One of the hardest things to hear about foster care is that some children age out of the system and never have a forever home. This story was a refreshing, hopeful account of how one father is doing all he can to help older children find a forever family. Joe Toles grew up in the foster care system and aged out at age 21 without being adopted. He never knew his birth parents. Now 59, he wants to help boys to have a sense of family he did not have.

He adopted 3 older children who lived with bad circumstances most of their lives. Xavier, 20, was involved with gangs and found himself in a group home by age 14. At 18, he was adopted by Joe. Now he can be found drawing or working on his music. Joe then adopted Jon, a 15-year-old who was a runaway and living in foster care. Now 17, Jon says he loves always knowing he has a place to go on all holidays for the rest of his life. The next boy to come into Joe’s care was Ronnie, 14. Like the other boys, he felt a lot of anger in his past, but has since opened up and started singing and smiling much more.

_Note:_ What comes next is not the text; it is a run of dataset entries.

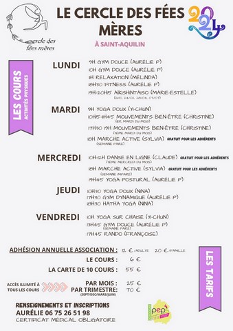 Le cercle des fées mères est une association qui a pour but d'inciter la pratique d'une activité physique comme outil de prévention de la santé, mais aussi de participer à des actions de solidarité, des campagnes éducatives pour la préservaion de l'environnement, de proposer des rencontres intergénérationnelles à travers différents ateliers.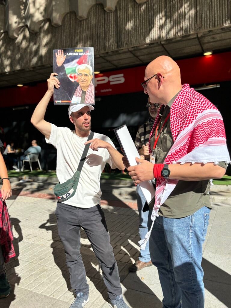 Filistin’e can olmaya giden Zafere Kadar Heyeti, İspanya’nın başkenti Madrid’de bulunan Mısır Elçiliği önünde eylem yaptı. 26 Eylül Cuma günü yapılan eylemde Madrid / Mısır Elçiliği önünde 14 kişinin katıldığı eylemde, ‘’Katil İsrail İşbirlikçi Mısır’’, ‘’Nehirden Denize Filistin Özgür Olacak”, ‘’Hürriye, Hürriye Filistin Arabia’’ sloganları atılarak işbirlikçi Mısır hükümeti teşhir edildi.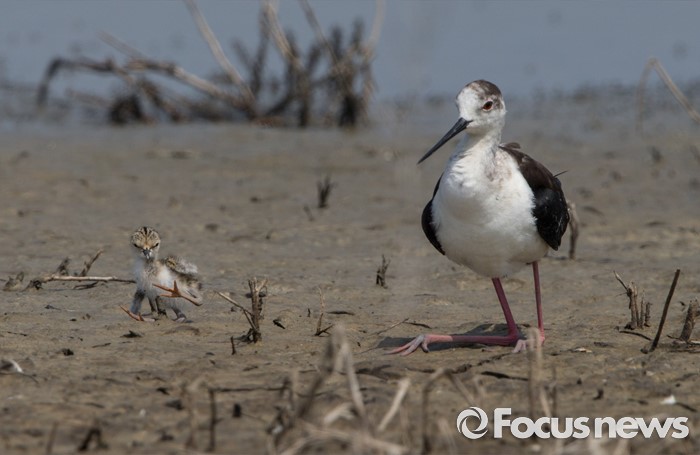 (인천=포커스뉴스) 부화한 지 하루된 장다리물떼새 어린새가 영종도 갯벌습지에서 아빠의 행동을 학습하고 있다.
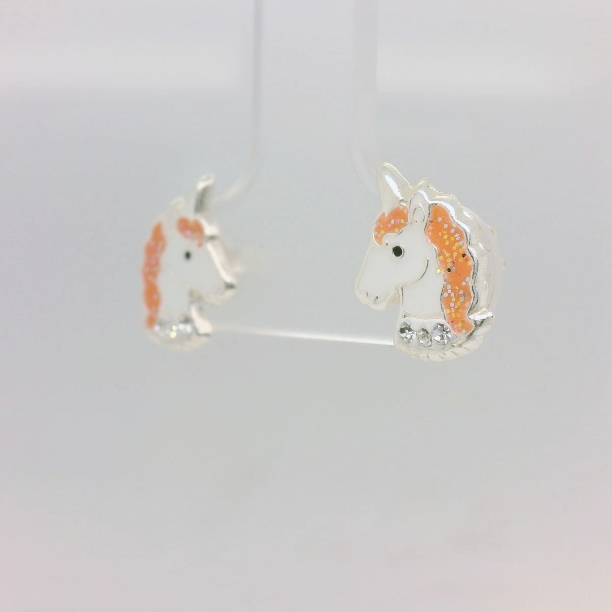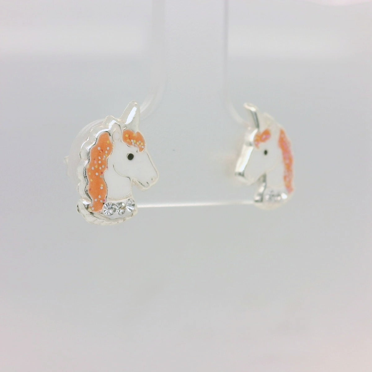 These 8mm sterling silver unicorn stud earrings are adorned with colourful enamel and set with sparkling crystals, capturing the whimsical charm of every child's favourite mythical creature. A perfect gift for little dreamers and unicorn lovers alike.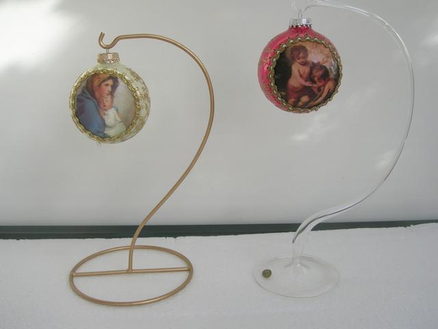 Aufhänger zum Stellen für Christbaumkugeln und Christbaumschmuck aus Lauscha Thüringen in Glas oder Metall. Glasaufsteller (Hänger) Höhe 30 cm für Kugeln bis 18 cm Durchmesser 13,-€, Metallaufsteller (Hänger) Höhe 27 cm für Kugeln bis 18 cm 5.95, €- Durch

Joe says being single and having no extra support for a younger child led him to consider adopting older children. He originally wasn’t looking for a teenager; he envisioned a 9-year-old he could walk to the bus stop every morning. That idea faded once he met Xavier, who needed a home.

The boys all say they were afraid of the male figures in their lives before Joe. Joe is someone who showed them how to trust again. Xavier sees him as the only dad he’s ever known. A lot of stories are similar to that of these boys’. Once someone is living in poverty with a broken home and little hope for the future, the cycle of despair, violence, and incarceration can be hard to break.

Joe worked with You Gotta Believe, an agency whose mission is to get older children adopted and reduce homelessness. According to their website, more than 400,000 children are in the foster care system in the US. Nearly 25,000 of these children will age out of the system. They also cite a grim statistic that as many as half of the children aging out of the system will become homeless.